美国国家公共电台 NPR What The Pileup Of U.S. Disasters Means For The World(在线收听

 

SCOTT SIMON, HOST:

Fires in California, hurricanes and flooding in Texas, Florida and Puerto Rico - a devastating season of natural disasters for the U.S. And it comes just as a series of other catastrophes have threatened millions of people around the world. That complicates the response by U.S.-based charities and government agencies. NPR's Nurith Aizenman reports.

NURITH AIZENMAN, BYLINE: When a disaster hits, one of the first things an aid charity does is to put out a call for cash. They need it to get on the ground fast with emergency supplies. World Vision International is one of the major aid groups across the globe. So when the first in this series of U.S. emergencies, Hurricane Harvey, struck Texas in August, they revved up their fundraising big time. Drew Clark is a senior director in the charity's U.S. office.

DREW CLARK: We've raised about just under $4 million in cash donations.

AIZENMAN: Two weeks later, Hurricane Irma roared through the Caribbean and Florida. This time, World Vision raised $900,000.

CLARK: Even though, you know, the number of casualties was higher in Irma, our cash fundraising was about a quarter of what it was from Harvey.

AIZENMAN: Then came the big earthquake in Mexico.
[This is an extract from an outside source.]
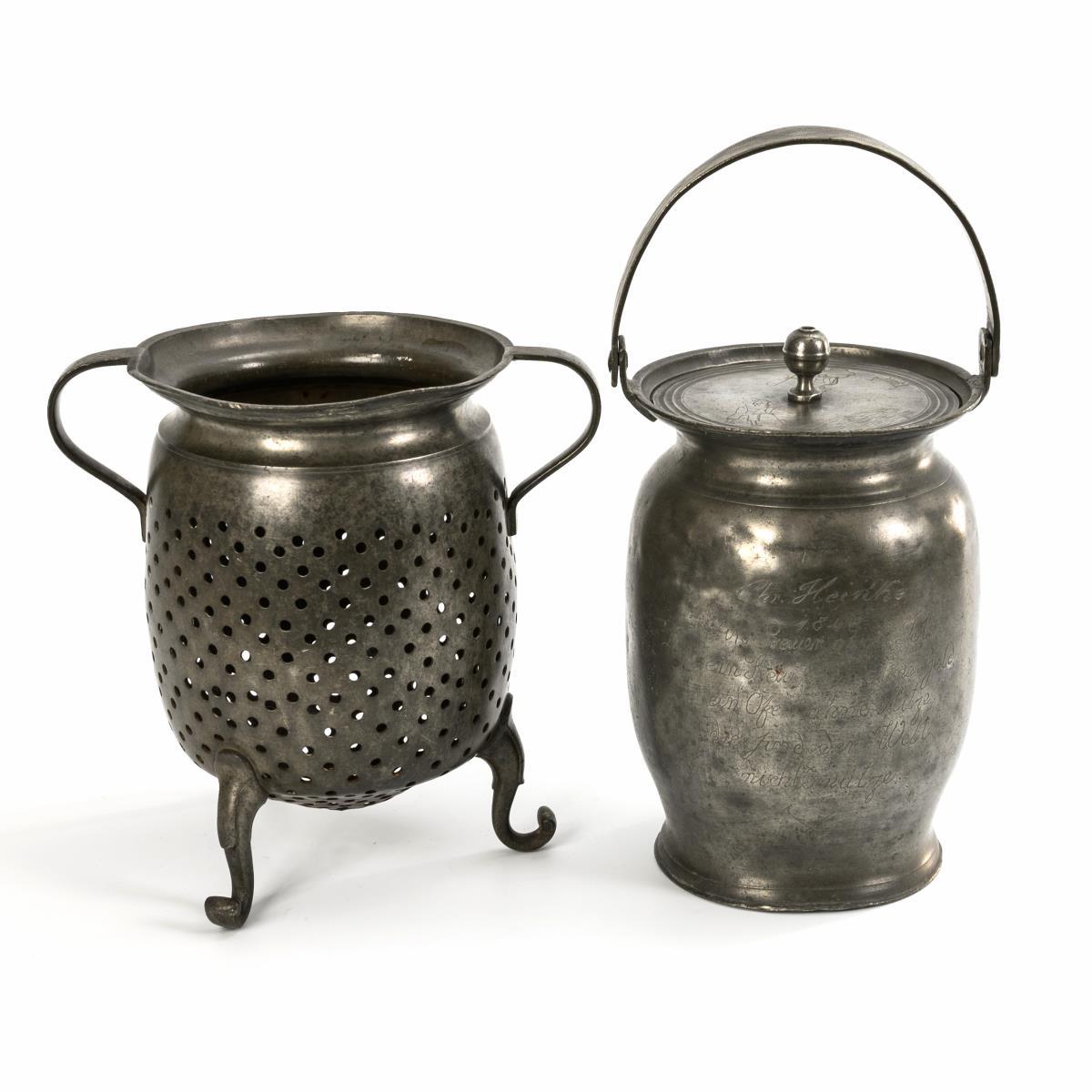 Siebtopf oder Zwiebeltopf auf 3 Beinen mit 2 Griffen sowie Gravur " Jh. Junghans a. Deckwitz 1845". / Ovoider Henkelkrug mit Gravur "Ein Bauer ohne Feld, ein Kaufmann ohne Geld, ein Ofen ohne Hitze, die sind der Welt nichts nütze", auf dem Passdeckel Reiter und Bauer. Je stärkere Alters-/Gebrauchsspuren, Siebboden teils gebrochen.

That fundraising appeal netted $150,000. And for Hurricane Maria, which has left millions of people in Puerto Rico still without power and water, World Vision's call-out only raised $100,000.

CLARK: There is clearly evidence of donor fatigue. There's just a limit to the amount of responses that we can successfully fundraise for.
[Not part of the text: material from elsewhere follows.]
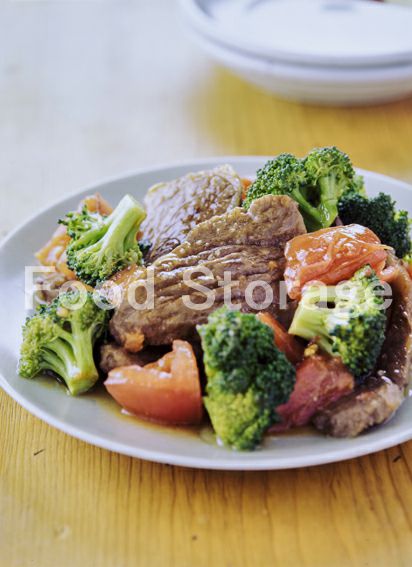 | 牛肉とトマト、ブロッコリーのオイスターソース炒め |

AIZENMAN: It's one of many ways that organizations and U.S. government agencies that handle disasters are feeling the pressure of a unique pileup of devastating events. It's not just that the U.S. has been clobbered with multiple disasters in a row. Since August, on top of the Mexico earthquake, there's been a massive landslide in Sierra Leone, then Muslim Rohingya refugees pouring from Myanmar into Bangladesh, hundreds of thousands of them.

LEISEL TALLEY: I would say it is somewhat unprecedented.
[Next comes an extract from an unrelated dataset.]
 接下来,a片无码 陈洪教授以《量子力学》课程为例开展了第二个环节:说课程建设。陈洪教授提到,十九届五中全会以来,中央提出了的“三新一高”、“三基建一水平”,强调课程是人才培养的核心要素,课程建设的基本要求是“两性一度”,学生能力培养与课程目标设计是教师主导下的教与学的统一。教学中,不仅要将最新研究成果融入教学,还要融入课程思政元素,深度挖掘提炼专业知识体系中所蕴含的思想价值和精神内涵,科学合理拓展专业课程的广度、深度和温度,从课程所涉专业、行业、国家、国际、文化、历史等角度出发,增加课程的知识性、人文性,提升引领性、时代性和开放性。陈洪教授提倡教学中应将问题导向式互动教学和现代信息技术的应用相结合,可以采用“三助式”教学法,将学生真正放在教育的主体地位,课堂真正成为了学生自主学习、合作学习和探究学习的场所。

AIZENMAN: Leisel Talley is with the Centers for Disease Control and Prevention at a branch that handles the health consequences of overseas emergencies.

TALLEY: You know, this year has been particularly challenging.

AIZENMAN: The world was already grappling with some of the largest humanitarian crises since World War II. Twenty million people are at risk of dying from starvation and disease due to conflicts and drought in Yemen, South Sudan, Nigeria, Somalia. So within the U.S. government, it's not just all hands on deck at exclusively domestic agencies like FEMA right now. At the CDC...

TALLEY: We have staff, really, around the world responding.

AIZENMAN: Similarly, at USAID, the agency that delivers U.S. assistance to poor countries, they have six separate disaster response teams deployed, including ones to help displaced people from Syria and Iraq. Alex Mahoney is a top official with that agency.

ALEX MAHONEY: This is only the second time that we've had six teams mobilize at once. So, yes, it's unusual.

AIZENMAN: Both Talley and Mahoney say their respective agencies are equipped to handle this multipronged challenge. But Paul Spiegel, who directs the Center for Humanitarian Health at the Johns Hopkins Bloomberg School of Public Health - he has his doubts.

PAUL SPIEGEL: There was already insufficient humanitarian workers to respond, given the amount of emergencies.

AIZENMAN: He notes that for several years now, the total amount donated by governments, including the U.S., for international humanitarian assistance has fallen way short of what the United Nations said was needed - a 40 percent shortfall last year. And President Trump's proposed budget for fiscal year 2018 would slash U.S. overseas disaster assistance by a third. Now, Congress has seemed on track to restore those cuts.

SPIEGEL: But these are not normal political times.

AIZENMAN: And with the cost of rebuilding on U.S. territory mounting, Spiegel worries support for spending on disaster relief overseas could be one more casualty. Nurith Aizenman, NPR News.